Niersteiner Geschichte

Nierstein und der Kornsand
 
 
Gedenkstätte an das Kornsandverbrechen
Der Rhein bildet heute hier die Staatsgrenze zwischen Hessen und Rheinland-Pfalz. Der Kornsand ist ein Ortsteil der Gemeinde Trebur im Kreis Groß-Gerau, Nierstein ist integriert in die Verbandsgemeinde Nierstein-Oppenheim im Kreis Mainz-Bingen. Die Gemeinde Nierstein bildete mit Dexheim, Schwabsburg und dem Kornsand seit 1586 eine administrative Einheit. Durch den Frieden von Lunéville im Jahre 1801 fiel der Kornsand an Hessen-Darmstadt. Alle Niersteiner Bemühungen um die rechtsrheinische Gemarkung waren in der Folgezeit vergebens. Die Niersteiner verloren das gute Knoblochsauer Faßholz und das Futter für die Viehzucht.
    

Dies muss sehr schmerzlich gewesen sein, denn Nierstein mit verhältnismäßig wenig Ackerland diesseits des Rheins war auf Gras und Heu vom Kornsand angewiesen, um durch seine Viehzucht den für den Weinbau unerlässlichen Dung zu erhalten.
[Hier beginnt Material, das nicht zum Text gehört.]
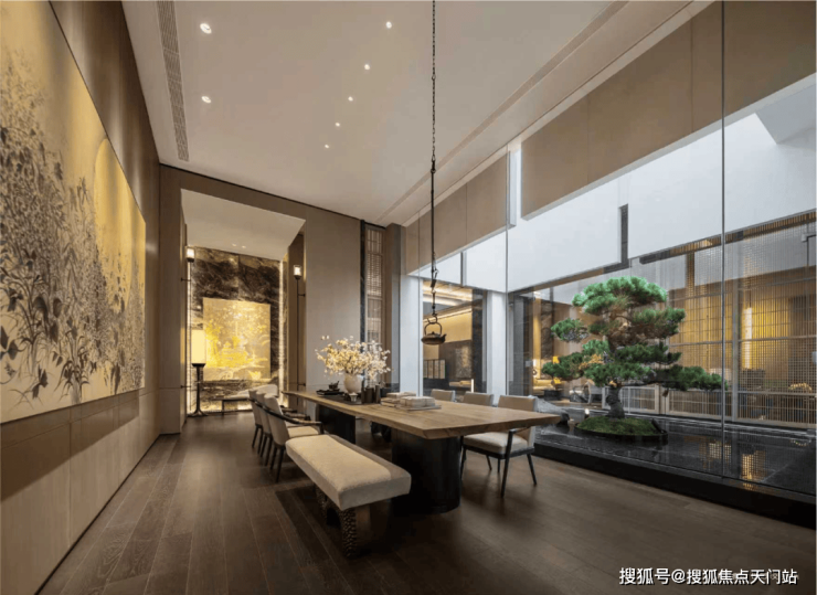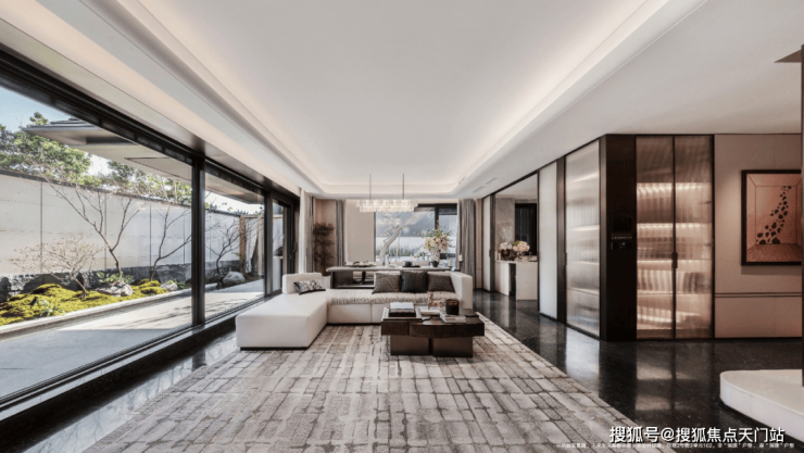 ·【院墅会客空间】约31㎡阔尺餐客厅,搭配约7米宽全景落地窗,实现庭院景观与室内生活的无界对话,每一场宴聚皆成风景。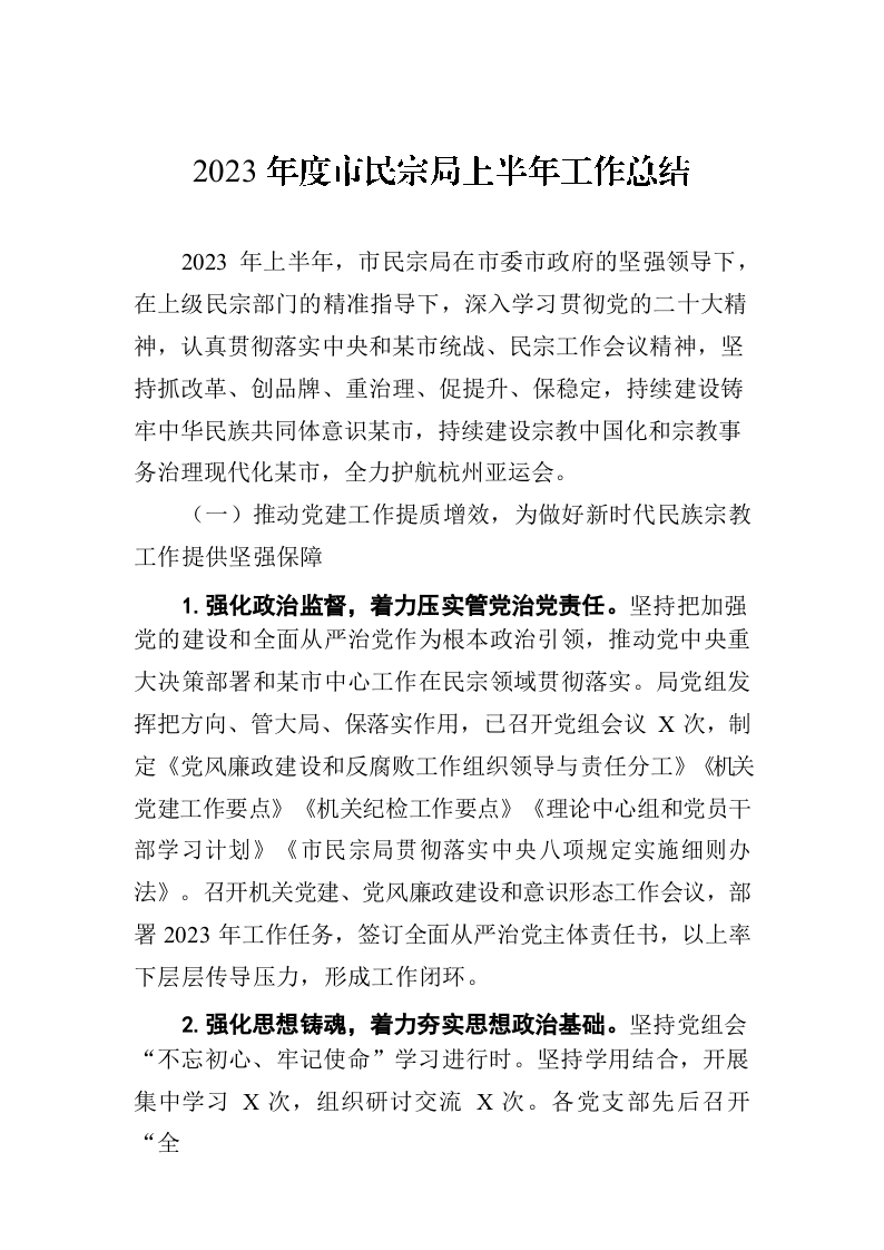 / 2023年度市民宗局上半年工作总结(20230710)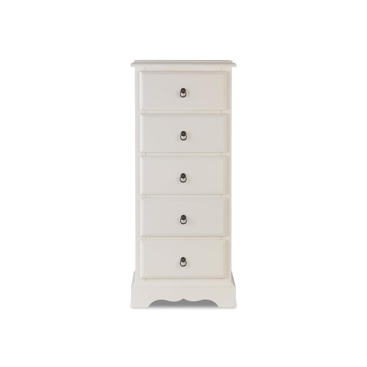 This Romance tallboy chest of drawers provides ample storage space in a narrow footprint. At 50cm wide, it fits easily against a wall while offering 5 generously sized drawers for all your folded items. Standing 119cm tall, each drawer is perfectly positioned for easy access without stooping. Crafted from high quality materials in a classic Antique White or crisp True White finish, this tallboy is built to last for years of use. Choose from traditional loop handles or elegant crystal accents to complement any style. Measuring just 42cm deep, it saves space without compromising on functionality. A practical and versatile addition for any bedroom or living area.
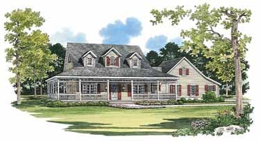 There’s a timeless appeal to this 2,090-square-foot farmhouse, with a porch that wraps all the way around the house. The garage almost looks like an attached barn. The classic rural elevation gives way to a modern floor plan, with a kitchen that flows into to a great room, and a large master bedroom wing complete with sitting area. A sun terrace and spa are located off the master bedroom. The formal dining room in this relatively open plan is defined by a low wall and by graceful archways set off by decorative columns. The kitchen includes a central island counter and a snack bar; it adjoins a laundry area.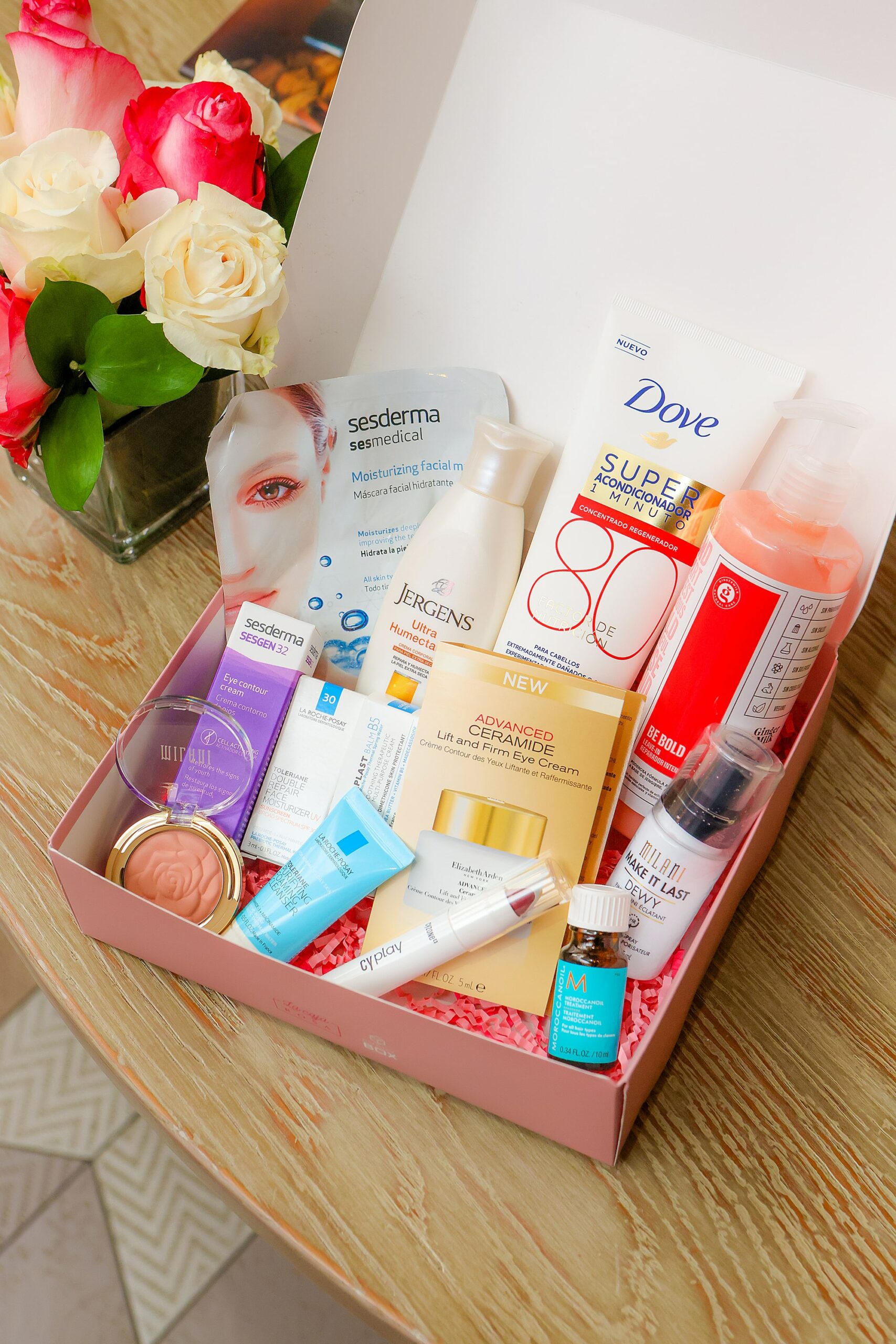 Mensualmente la caja está compuesta por 5 o 6 productos diferentes de cuidado facial, cuidado corporal, maquillaje, cuidado del cabello y estilo de vida femenino y puede ser obtenida por suscripción a través de su página web https://lacajarosa.com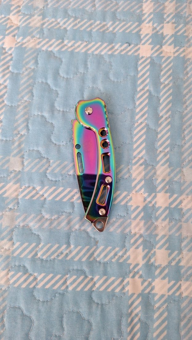 Çok renkli metalik görünüme sahip, katlanabilir ve kilit mekanizmalı kompakt cep bıçağı.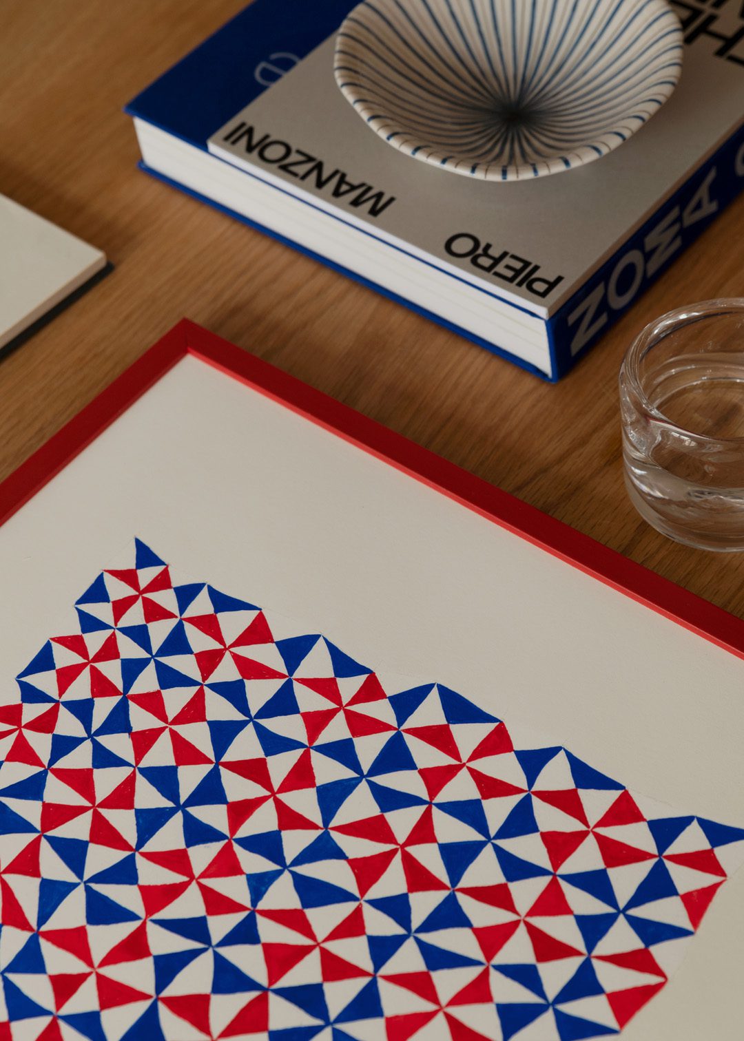 While she studied at the Royal College of Art in London, Kyhl also trained as a decorator and painter, restoring historic buildings. It required using old techniques such as marbling, woodgraining and guilding. A knowledge that still lies at the heart of Kyhl’s work today: Although her colour palette is bright and light-hearted, her mosaic motifs seem to lend inspiration from the marbled floors of historic architecture.

Überdies gehörte zum Kornsand auch noch der "Goldgrund", ein natürlicher Hafen, in den Niersteiner Schiffer bei Eisgang ihre Kähne in Sicherheit bringen konnten. Die Frage, ob man im "Goldgrund" je einmal nach Rheingold gesucht hat, lässt sich auch nach dem Studium des Aktenbündels "Die Rheingoldwasch" in dem Strich zwischen Sandhofen und unterhalb von Nierstein aus dem Generallandesarchiv Karlsruhe nicht eindeutig beantworten.

     
   

Nierstein-Kornsand ist ein uralter Rheinübergang, der im Mittelalter gerne von Kaufleuten der linksrheinischen Reichsstädte benutzt wurde, um zur Messestadt Frankfurt zu gelangen. Eine Fähre wird zum ersten Male 1373 urkundlich erwähnt. Sie lag in der Nähe des Oppenheimer Zollturmes. Wegen der Versandung der Anlegestelle am Zollturm in Oppenheim wurde die "Fliegende Brücke" in Jahre 1609 nach Nierstein verlegt. Im März 1945 sprengte die zurückweichende deutsche Brückenkopfbesatzung die letzte "Fliegende Brücke". Seit 1947 verbindet eine Motorfähre die beiden Rheinufer. Zwei Gedenksteine befinden sich in unmittelbarer Nähe der Fähranlegestelle Kornsand. Der Zeppelinstein erinnert an jenen 4. August 1908, als nachmittags gegen 17 Uhr Graf Ferdinand von Zeppelin mit seinem Luftschiff auf der ersten Fernfahrt von Friedrichshafen bis Mainz auf dem Kornsand zwischen zwei Kribben landete und mehr als 100.000 Neugierige aus Stadt und Land dem "König der Lüfte" begeisterte Ehrenbezeugungen bereiteten.

     

Ein Tag später verunglückte der Zeppelin in einem Gewittersturm bei Echterdingen. Damit der Graf sein Werk fortsetzen könne, schickte ihm die Gemeinde Nierstein am 22. August 1908 2396 Mark, 200 Flaschen des feinsten Niersteiner Weins und ein Bild von Nierstein.

 

Und der Gedenkstein für die Kornsand-Opfer erinnert daran, dass im Anblick ihrer Heimat sechs Menschen, darunter eine Frau, hier erschossen wurden, während auf der anderen Rheinseite schon US-Panzer in Nierstein einrollten. Wenige Tage zuvor waren die Niersteiner durch Männer der Politischen Staffel verhaftet und über den Rhein gebracht worden. Am 21. März 1945 wurden sie in Darmstadt entlassen. Sie durften zu ihren Familien zurückkehren. An der Fähre wurden sie abgefangen und als Kriminelle und politisch Vorbelastete, zusammen mit einem Volkssturmmann aus Oppenheim, durch Genickschuss ermordet. Die 63-jährige Frau durfte auf ihre Bitte hin sich noch einmal umdrehen und einen letzten Blick auf ihre Heimat Nierstein über den Rhein werfen, ehe sie der 18-jährige Mörder niederstreckte. Es war 15 Uhr, Mittwoch, 21. März 1945.